Flexi-cap funds are back on investors’ radars. In August 2024, they recorded net inflows of Rs 3,513 crore, the highest among diversified-equity schemes. With Indian stock markets at record highs and valuations at elevated levels, investors are turning to flexi-cap funds, as they wish to rely on fund managers to dynamically allocate between large, mid, and small-cap stocks.
“Flexi-cap funds, with their inherent flexibility, are being preferred as they can better handle risk-off sentiment or volatility by adjusting the mix of large, mid, and small caps,” says Meenakshi Dawar, fund manager-equity investments, Nippon India Mutual Fund.
Navigating across market cap spectrum
Flexi-cap funds invest across market caps without fixed allocation limits. Fund managers have complete freedom to select stocks they deem attractive. Data from the Association of Mutual Funds in India (Amfi) shows that 39 flexi-cap schemes collectively managed Rs 4.29 lakh crore as of August 31, 2024.
“The strong inflows during the current volatile market are because flexi-cap funds offer the advantage of not being tied to fixed allocations across large, mid, and small-cap stocks. This flexibility to adjust portfolios dynamically enhances potential returns,” says Deepak Ramaraju, senior fund manager, Shriram Asset Management Company (AMC).
Balancing risk and reward
Flexi-cap funds allow maximum flexibility to fund managers. “Higher diversification by spreading investments helps balance risk and reward for these funds. Historically, flexi-cap funds tend to perform better in volatile markets due to this ease of spreading investments across the board,” says Varun Goel, senior fund manager–equity, Mirae Asset Investment Managers (India). Currently, many flexi-cap funds have tilted their portfolios heavily towards large caps.
Ramaraju highlights that mid and small-cap investments present growth opportunities, whereas large-caps offer long-term stability.
Flexi-cap schemes are tax-efficient. Rebalancing between large, mid, and small-cap schemes on one’s own attracts tax liability.
Allocation can get skewed
Since allocation is guided by the fund manager’s market view, there is the risk of a mismatch between the investor’s desired allocation and the fund’s allocation to various market caps. If the fund manager takes high exposure to mid and small-cap stocks, it could result in higher risk than is desirable for the investor.
Who should invest?
Flexi-cap funds are ideal for investors who lack the time or expertise to manage allocations across market caps.
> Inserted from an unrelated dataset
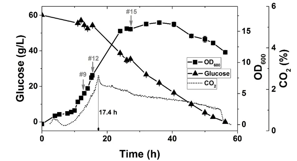 600 reached 10 during aerobic phase, 0.2 mM IPTG was added in the culture. After 1 h post-induction, the airflow rate was set to 0.02 vvm for microaerobic conditions, and 10 mM NaHCO

These funds have the potential to generate wealth over the long term. “Investors with a moderate risk profile and looking for long-term wealth creation should pick a flexi-cap fund. Due to the balanced risk and reward profile, they tend to give higher returns over a longer period,” says Goel.
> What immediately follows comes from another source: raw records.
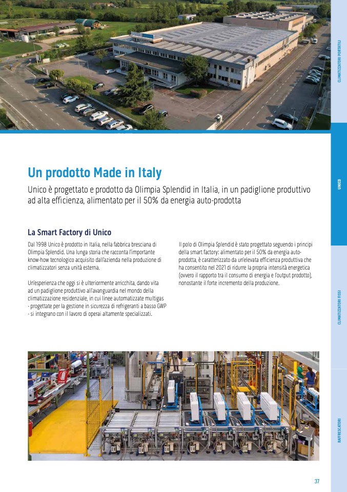 Unico è progettato e prodotto da Olimpia Splendid in Italia, in un padiglione produttivo
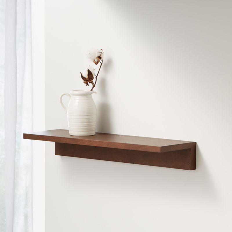 Revealing just a peek of the supportive band underneath, our walnut-tinted hardwood shelf seems to float on the wall. Designed by Ana Reza-Hadden, the Carren shelf offers a minimalist way to showcase your photo frames, vases and other small treasures.
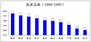 前两天,中央电视台气象主持人宋英杰在博客上,发布了一个近10年来(2000—2009年),中国各大城市的累积高温日数的排行榜前十名。
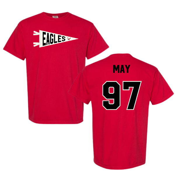 Eastern Washington University Football Red Pennant Comfort Colors Tee - #97 Tariq May

Investors entering them should have a minimum five-year horizon. “Flexi-cap allocations can be considered for the core equity portfolio. Investments can be made across lump-sum and systematic (SIP/STP) modes,” says Dawar.
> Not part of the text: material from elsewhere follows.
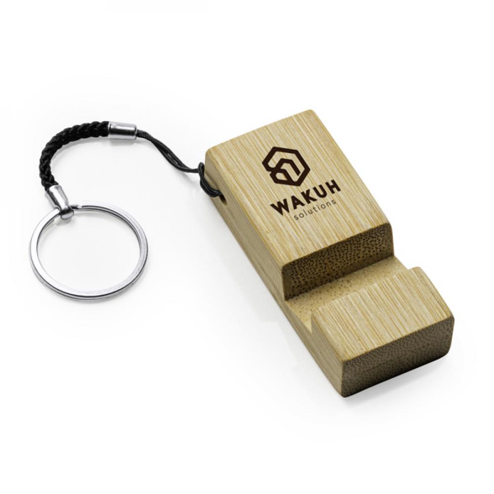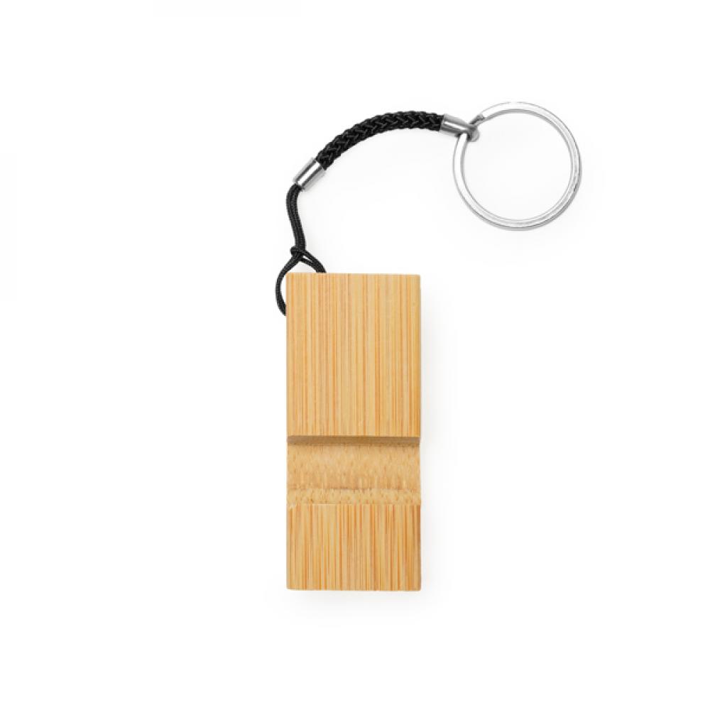 Брелок с функцией подставки для мобильного телефона из бамбука.

Before investing, review the fund’s historical allocation to market caps. “Investors must assess the fund manager’s ability to diversify and allocate effectively across large, mid, and small caps during different market phases,” says Ramaraju.
For those wanting to avoid fund manager risk, index funds that track the Nifty 500 or BSE 500, which invest around 70 per cent in large caps and the rest in mid and small caps, might be a better option.
“Depending on risk appetite, around 25 per cent of equity investments can be allocated to flexi-cap funds,” says Ramaraju.